→ **Exercise instructions**
Only the lines from the start of the data through the line with "Der V Hals, kurze" belong in the copy. Restate them word for word, minus the pictures.

→ **Collected data**
☆ ☆ ☆ ☆

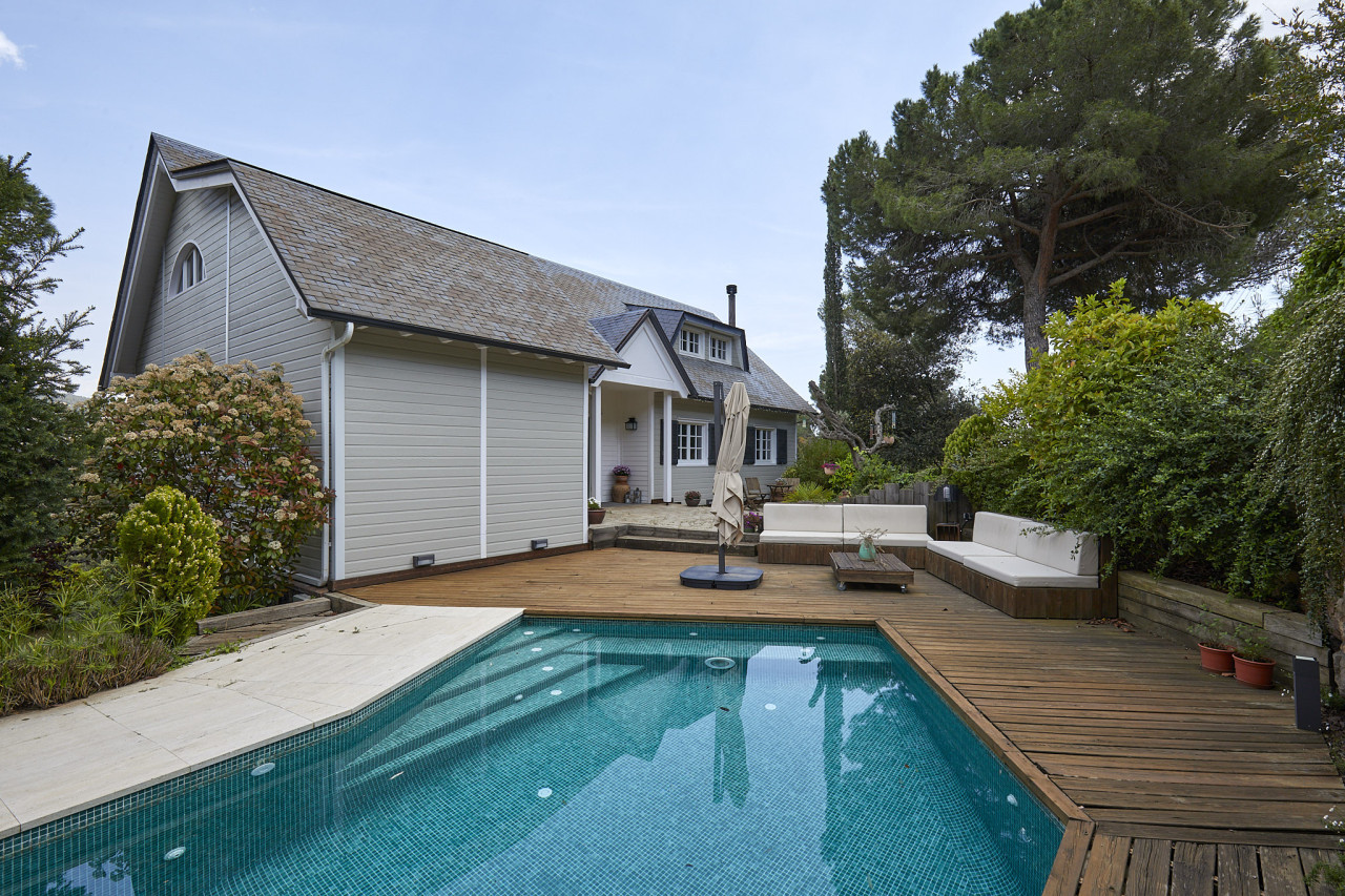 Casa Gretzky is a charming, character-rich home in Matadepera that blends the warmth of a countryside retreat with the practicality and comfort of a family residence. The property stands out with its New England–inspired architecture: pitched roofs, soft grey siding, shuttered windows, and natural stone accents that add timeless appeal. Surrounded by lush greenery and mountain views, the house feels private, peaceful, and deeply connected to nature, making it an ideal setting for lifestyle productions, family-oriented campaigns, editorial shoots, or any project seeking a cozy, lived-in aesthetic.
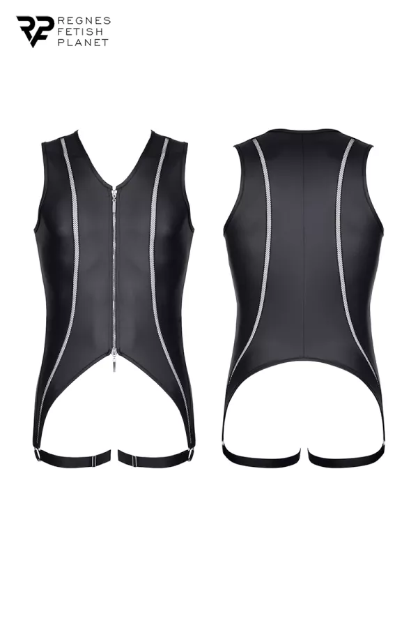 Der V Hals, kurze Ärmel und der Boden dieses Körpers sind verstärkt für mehr Festigkeit. Zwei elastische Bänder werden auf der Oberschenkelebene platziert, um den Stoff perfekt zu halten, sie sind einstellbar.
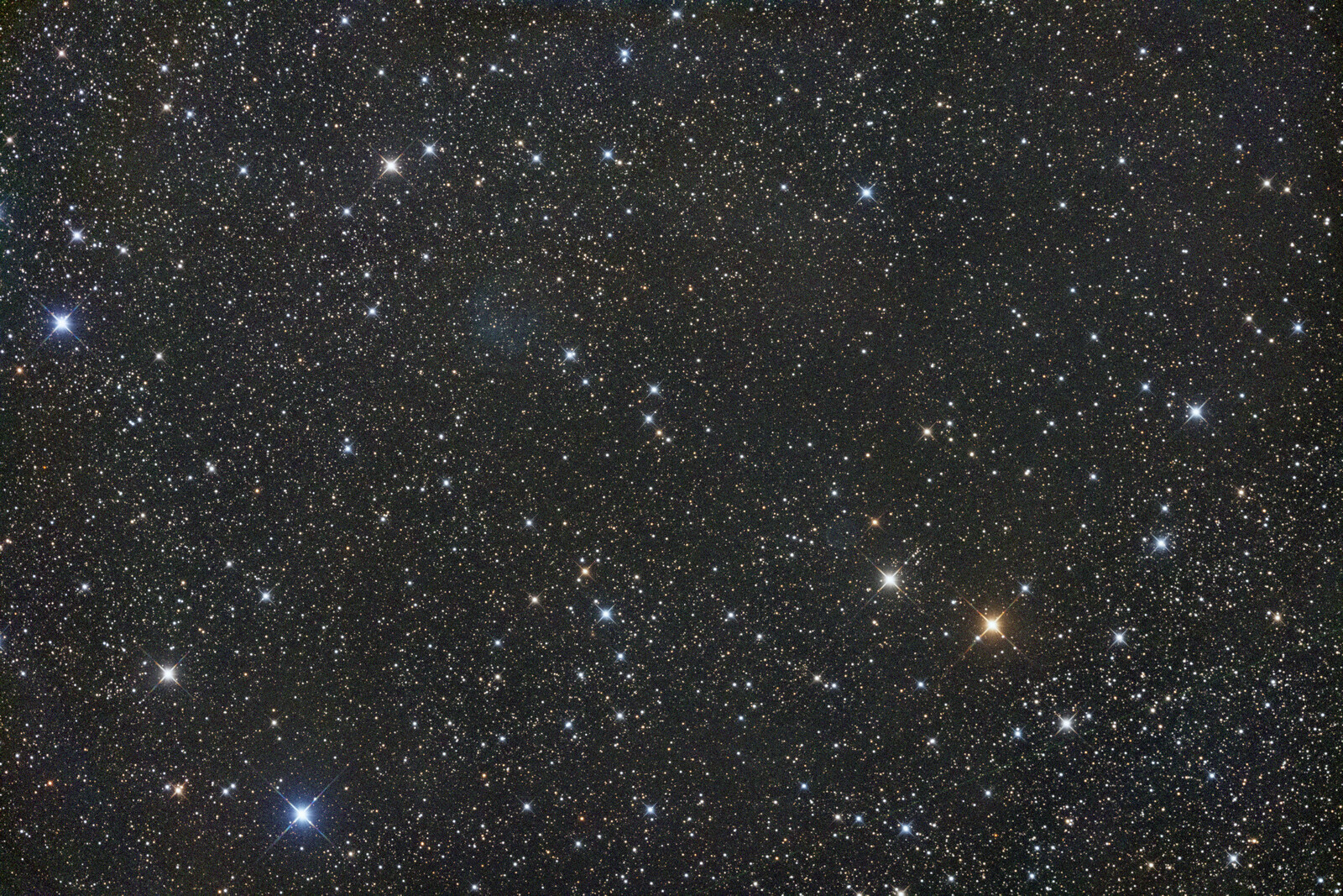 中央やや斜め左上の青い淡いシミのようなものがHFG1です。対して中央やや右下の淡い小さなシミがAbell6です。
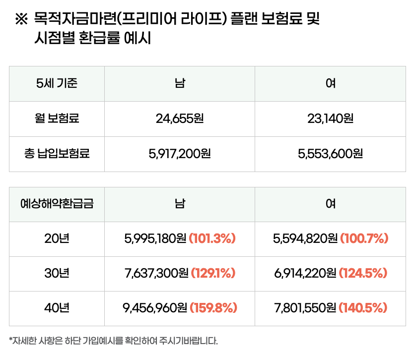 예시 조건 40세 남성 / 20년납 / 100세 만기 기준

☆ ☆ ☆ ☆

→ **Answer to this exercise**
 Casa Gretzky is a charming, character-rich home in Matadepera that blends the warmth of a countryside retreat with the practicality and comfort of a family residence. The property stands out with its New England–inspired architecture: pitched roofs, soft grey siding, shuttered windows, and natural stone accents that add timeless appeal. Surrounded by lush greenery and mountain views, the house feels private, peaceful, and deeply connected to nature, making it an ideal setting for lifestyle productions, family-oriented campaigns, editorial shoots, or any project seeking a cozy, lived-in aesthetic.
 Der V Hals, kurze Ärmel und der Boden dieses Körpers sind verstärkt für mehr Festigkeit. Zwei elastische Bänder werden auf der Oberschenkelebene platziert, um den Stoff perfekt zu halten, sie sind einstellbar.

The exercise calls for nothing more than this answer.